Pituitary

July 28, 2007 on 7:05 pm | In Surgery |

David M. Barrs

The otolaryngologist often is involved in the removal of pituitary adenomas and other skull-base surgery. If a complete hormonal evaluation has not been performed, the otolaryngologist should be aware of possible adrenal and thyroid insufficiency. More common, however, is perioperative diabetes insipidus and the syndrome of inappropriate antidiuretic hormone (ADH) secretion.

Diabetes insipidus is caused by a decreased level of ADH, which impairs free-water reabsorption, leading to increased thirst and large volumes of dilute urine in the face of inappropriate hyperosmolarity of the serum. In effect, the patient has a free-water deficit. Other conditions may mimic diabetes insipidus. The stress of surgery normally increases ADH secretion and free-water retention, resulting later in a water diuresis that may be mistaken for diabetes insipidus. Excessive i.v. fluid replacement also may result in large urinary volume secondary to the input. Mannitol given during neurologic and skull-base surgery may produce an osmotic diuresis. A diagnosis of diabetes insipidus should be restricted to patients with urinary outputs greater than 200 mL/h with associated hypernatremia, serum hyperosmolarity, low urinary specific gravity, osmolarity, and sodium. Urine osmolarity is usually less than 200 mOsm and urine specific gravity less than 1.005. The patient should be monitored with frequent intake and output, body weights, urine-specific gravity, and serum sodium osmolarity. In mild cases, simple oral intake of water to satisfy thirst may provide adequate free water.
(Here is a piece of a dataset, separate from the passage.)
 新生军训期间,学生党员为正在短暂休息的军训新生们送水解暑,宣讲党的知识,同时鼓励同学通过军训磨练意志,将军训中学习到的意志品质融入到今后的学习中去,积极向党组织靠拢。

In more severe cases or in the patient not taking water orally, i.v. 5% dextrose in water with only enough sodium to cover obligate sodium requirements is given. The volume should equal the urinary loss plus insensible losses. For high urinary volumes (i.e., more than 4 L daily), pharmacologic replacement should be considered. Overtreatment should be avoided, especially in neurosurgical cases, to lessen the chance of water intoxication and brain edema. Desmopressin acetate is a long-acting vasopressin analog given intranasally at a dose of 5 to 10 mg once or twice daily, subcutaneously 1 to 2 mg daily or i.v. 0.3 µg/kg at 12- to 24-hour intervals. It must be used with caution in patients with coronary artery disease.
Aqueous pitressin has the drawbacks of short duration of action and a vasoconstrictor effect, which may precipitate angina. The dose is 5 U intramuscularly every 3 to 6 hours. Usually, the condition will resolve over 3 to 5 days with conservative treatment of water replacement and judicious use of ADH compounds.
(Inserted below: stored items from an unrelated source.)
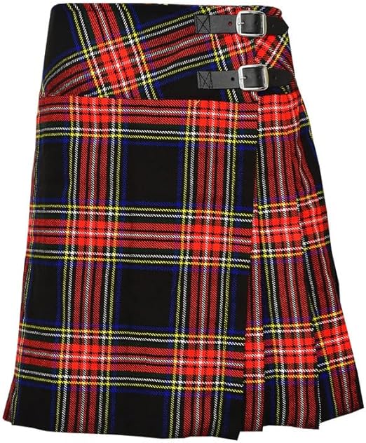 Black Stewart Tartan Ladies Kilt Skirt acrylic wool fabric
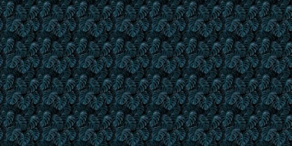 Papier peint de feuilles d'une monstera de couleur bleu canard tropicales. A combiner dans le salon.
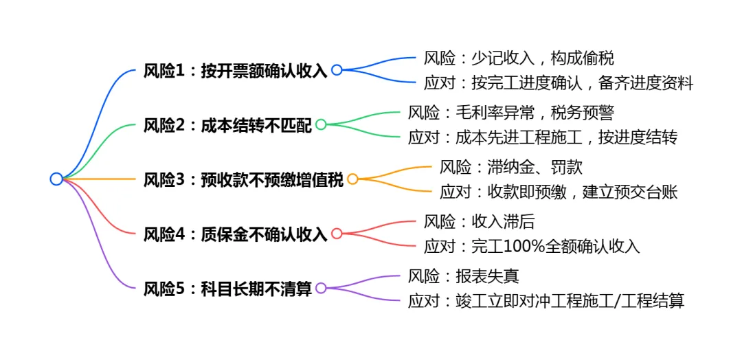 第二,成本结转不匹配的风险。收入按进度确认,但成本随意结转,导致毛利率异常波动。应对策略是严格执行"成本先进工程施工、结转自配完工进度"的流程,主营业务成本只能按完工进度从"工程施工"科目结转,分包和材料成本即使未取得发票也应暂估入账,确保成本数据的完整性。
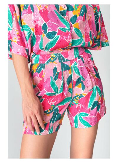 Coupe : short taille haute. Tissu : léger, idéal pour la saison estivale. Motif : imprimé. Marque : Le temps des cerises.
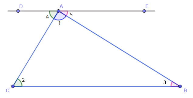 Теорема: Сумма углов треугольника равна 180°. Доказательство: Рассмотрим произвольный треугольник ABC. Через вершину A проведем прямую DE, параллельную стороне CB. Углы 2 и 4 — накрест лежащие (при пересечении секущей AC параллельных прямых DE и CB). Далее, углы 3 и 5 также являются накрест лежащими при рассмотрении тех же прямых и секущей AB. Тогда ∠2 = ∠4 и ∠3 = ∠5. Поскольку угол DAE является развёрнутым, то имеет место следующее равенство: ∠4 + ∠1 + ∠5 = 180° (1). Учитывая, что накрест лежащие углы равны, равенство (1) можно записать в виде ∠2 + ∠1 + ∠3 = 180°. То есть сумма градусных мер любого треугольника равна 180°.DE, параллельную стороне CB. Углы 2 и 4 накрест лежащие (при пересечении секущей AC параллельных прямых DE и CB). Далее, углы 3 и 5 также являются накрест лежащими, при рассмотрении тех же прямых и секущей AB. Тогда ∠2=∠4 и ∠3=∠5. Поскольку угол DAE является развёрнутым, то имеет место следующее равенство: ∠4+∠1+∠5=180° (1). Учитывая, что накрест лежащие углы равны р

The syndrome of inappropriate ADH secretion is characterized by hyponatremia with a urine osmolality that is inappropriately concentrated compared with serum osmolality. Because surgery and trauma cause ADH release, excessive administration of hypotonic i.v. solutions should be avoided. Treatment usually is accomplished by fluid restriction or use of demeclocycline, which inhibits the renal effects of ADH.